For a man with so many workers and such a huge project riding on his shoulders, Marsh seems remarkably easy-going. A grin is never far from his mouth. You can tell he’s happy — and that’s a conscious decision, not by chance.

Perhaps it’s because of the way he first arrived at USC more than two decades ago.

Go big

Growing up some 15 miles from USC in San Marino, Marsh was an outgoing, athletic kid from a big family. Dad worked in the floor-covering business, but Marsh dreamed of becoming a developer like his uncle, who built one of San Francisco’s iconic Embarcadero towers.

He started working construction in his teens, pulling nails, setting forms and pouring concrete for a building firm. Old-timers on the work crew gave him a hard time. “They saw me as a thin-skinned Pasadena boy,” he said with a laugh. “They beat me up pretty good, dumped concrete in my boots.” But he learned the trade.

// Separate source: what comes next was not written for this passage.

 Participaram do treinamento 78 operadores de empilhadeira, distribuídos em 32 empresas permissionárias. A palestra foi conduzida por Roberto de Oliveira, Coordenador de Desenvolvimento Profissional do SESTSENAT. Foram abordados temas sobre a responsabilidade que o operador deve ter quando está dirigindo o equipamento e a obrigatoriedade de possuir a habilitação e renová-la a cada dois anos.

He wasn’t admitted to USC, so Marsh attended tiny Menlo College in Silicon Valley. That’s where his life completely changed. He woke up one day his freshman year to find his pillow covered in his own hair. Within six weeks, he went bald. The diagnosis was alopecia, a rare, irreversible autoimmune disorder that causes the body to attack its own hair follicles.

Willy Marsh
Marsh dreamed of becoming a developer like his uncle. (USC Photo/Gus Ruelas)

He was 19.

“That was a difficult time in my life,” Marsh said. People stared. “I didn’t want to be out in society. I wore a bandana.” When his parents pressured him to start wearing a wig, Marsh realized this decision could shape the rest of his life.

“I decided I’m not going to be intimidated. I’m going to go big.”

Marsh embraced his new appearance and reapplied to USC, where he knew he wouldn’t hide. He was admitted as a sophomore transfer student and graduated with a degree in urban planning and development. Soon afterward he started working at the contracting and planning firm Hathaway Dinwiddie, where he cut his teeth on mega projects like the Getty Museum, Fox Studios, the Omni Hotel and Loyola Marymount’s Conrad Hilton Business Center.

Building up

Construction brought him back to USC. His first project at his alma mater came as a consultant for Popovich Hall and Ralph and Goldy Lewis Hall. He also worked on the International Residential College at Parkside.

Asked to name his favorite projects at USC, Marsh is quick to mention the USC Caruso Catholic Center, which he describes as a “jewelry box” with intricacies around every turn. Another favorite: a hybrid cardiac operating room at Keck Medical Center of USC used by surgeon Vaughn Starnes. Marsh had to solve the puzzle of how to tear down walls and build inside a functioning hospital while keeping nearby areas immaculately clean and safe.

But USC Village is so much bigger in scale, he said. He likens it to the Los Angeles entertainment complexes Americana at Brand or L.A. Live.

“The glitteringly obvious picture is 1.2 million square feet, six buildings, 15 acres, 2,700 beds, $700 million,” he said. “You start throwing those numbers out and it seems like so much to handle.” USC Village’s fast-track construction schedule required precise planning and timing.

Happily, on the largest and most scrutinized project of his career, Marsh has the luxury of hiring top talent and the discretion to do things right.

We are at a private institution where we get the cream of the crop — the best contractors, the best subcontractors.

Willy Marsh

“We are at a private institution where we get the cream of the crop — the best contractors, the best subcontractors,” he said.

He can make decisions like spending more for higher-quality shower enclosures because the original choice proved too flimsy and made for a poor investment for the university.

His trophies

These days there’s a bounce in Marsh’s stride. With only 20 months remaining until the first students move into their residential colleges, he’s confident that USC Village will be successful. “I’m excited,” he said, “and I’m extremely proud.”

So who cares if his name isn’t carved in the stonework? 

“Part of my pride,” Marsh said, his gaze sweeping from McCarthy Honors College toward the as-yet-unnamed Building 9, “is I can show my son and daughters, my wife, my mother and father: These are my trophies. I did this.”